Маруся намахнулась на мужа полотенцем, и легонько шлёпнула его по руке.
- Ишь, што удумал-то! Ах, кобель ты старый, кобель! Всё бы тебе про стыд думать! Да нешто в таком возрасте бабы думають о замужестве?
- А что, и впрямь не думають? А как же вон Катерина Авдеева - троих мужиков уже похоронила, и снова замуж собиратся? – шутливо проговорил он и заглянул в глаза жены.

- Так то ж Катерина! А я - Маруся! Я как токо табя схороню, так следом и сама помру. В одну могилку лягем! А то ведь, не ровён час, пойдёшь на том свете по чужим рукам! Разве ж я допушшу такой позор на нашу семью?
- Марусь, вот люблю я табя за таки слова ишо крепше! Ну-ка, притулись ко мне  ближе-то!
Маруся наклонилась, и Макар Степаныч, обхватив её лицо руками, приподнялся и поцеловал жену в губы.

Лицо женщины покрылось лёгким румянцем. Глаза засветились теплотой и нежностью. Смутившись, она погладила мужа по голове, как ребёнка, и ласково произнесла:
- Рано, Макарушка, нам на тот свет! Надо бы правнуков всех пережанить да замуж поотдавать, вот тады и не обидно будеть уйтить  отседова! Дак и табя дохтора вылечуть! Я давеча бегала до  фелшерицы нашей новой. Так она сказала, что завтра из районый больницы к нам врачи приедуть, ажно полный антобус, и она их до нас приведёть. Мы ишо поживём, Макарушка. Ты щас спи, почивай, а я пойду, похлопочу в сарайке – покормлю скотинку. Утро вечера мудренее, Макарушка! Всё у нас ишо сладится!

Ласковые уговоры жены подействовали на ослабшего Макара Степаныча магически: с трудом повернувшись на бок, он закрыл глаза и через минуту провалился в сон.
На следующий день, как и обещала фельдшерица, приехали врачи. Закончив профилактический осмотр в медпункте, они подъехали на машине «скорой помощи» к дому Макара Степановича. Молодой терапевт вошёл в дом и, спросив, где больной, подошёл к  подкашливающему старику.

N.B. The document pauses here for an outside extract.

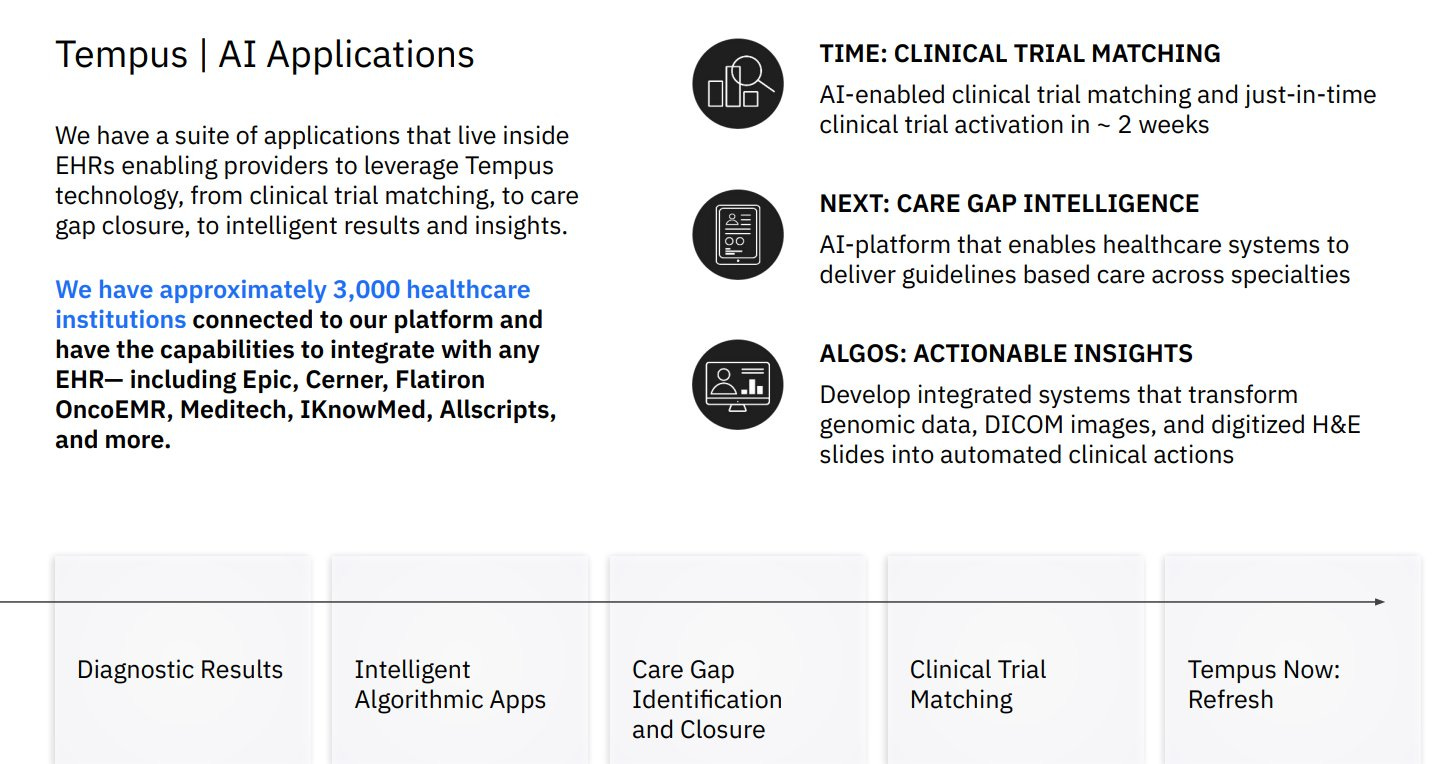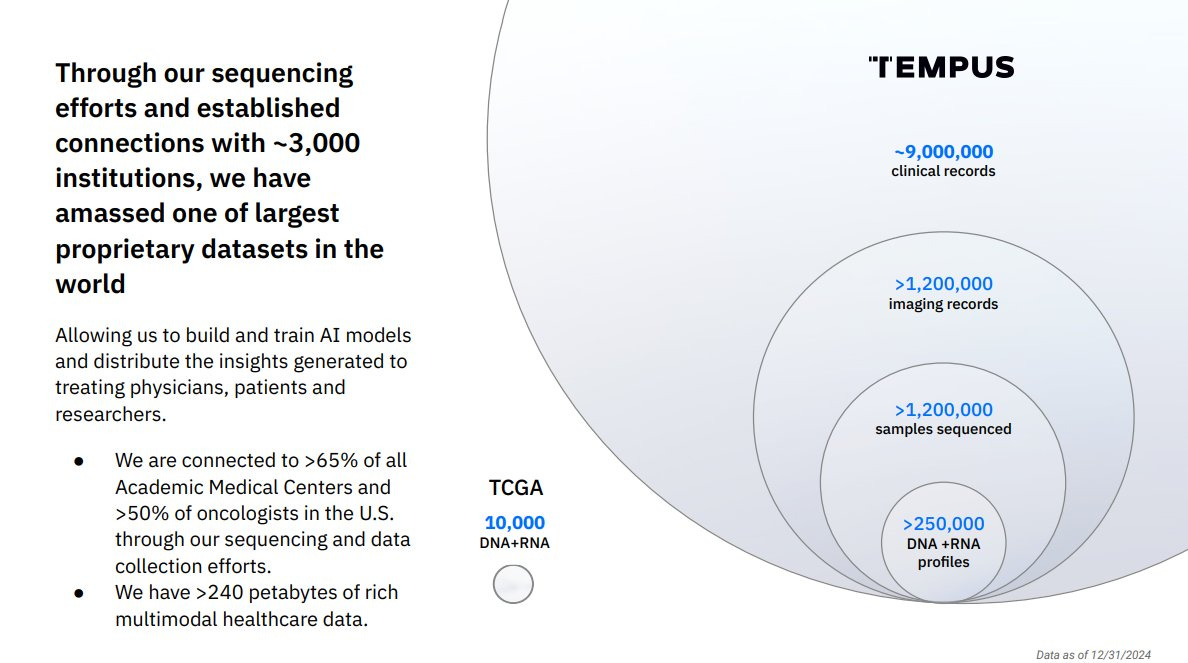 Tempus isn’t just a software company with a large data repository. It goes well beyond that. They’re already embedded within the healthcare system, giving them access to real-time data that continuously improves their AI models.

Беглый осмотр больного, несколько вопросов о самочувствии, измерение давления не дали доктору полную картину его недомогания. Терапевт выписал направление в стационар на обследование.

- Макар Степаныч, вам надо лечь в больницу на некоторое время. Без специального аппарата установить точный диагноз весьма затруднительно! Там работают хорошие специалисты. Они вас обследуют, сделают УЗИ, и только потом назначат лечение.

- Как это – лечь на некоторое время? Никуды я не поеду! И никаких узи-музи мне не надобно делать! Я за всю жизть ни разу не валялси по больницам, и щас не лягу! И никаких специялистов мне не надоть! Разе ж вы не дохтур? Выписывайте мне какую-нибудь микстуру и все дела! Ежели мне суждено ишо пожить, то я выкарабкаюсь, а ежели нет – так на то и суда нет!

Как ни уговаривал доктор Макара Степановича, и как ни умоляла Маруся – упрямый старик ложиться в больницу наотрез отказался!
Доктор открыл свой чемоданчик, сделал инъекцию обезболивающего препарата, оставил пачку каких-то таблеток и, пожав плечами, вышел из комнаты.
Прошло три дня. Макар Степаныч не вставал с постели. Легче ему не становилось. По деревне поползли слухи о скорой кончине деда Макара…. Маруся, украдкой утирая слёзы, каждый день уговаривала его лечь в больницу, но упрямец стоял на своём: «Не лягу, хошь стреляйте!»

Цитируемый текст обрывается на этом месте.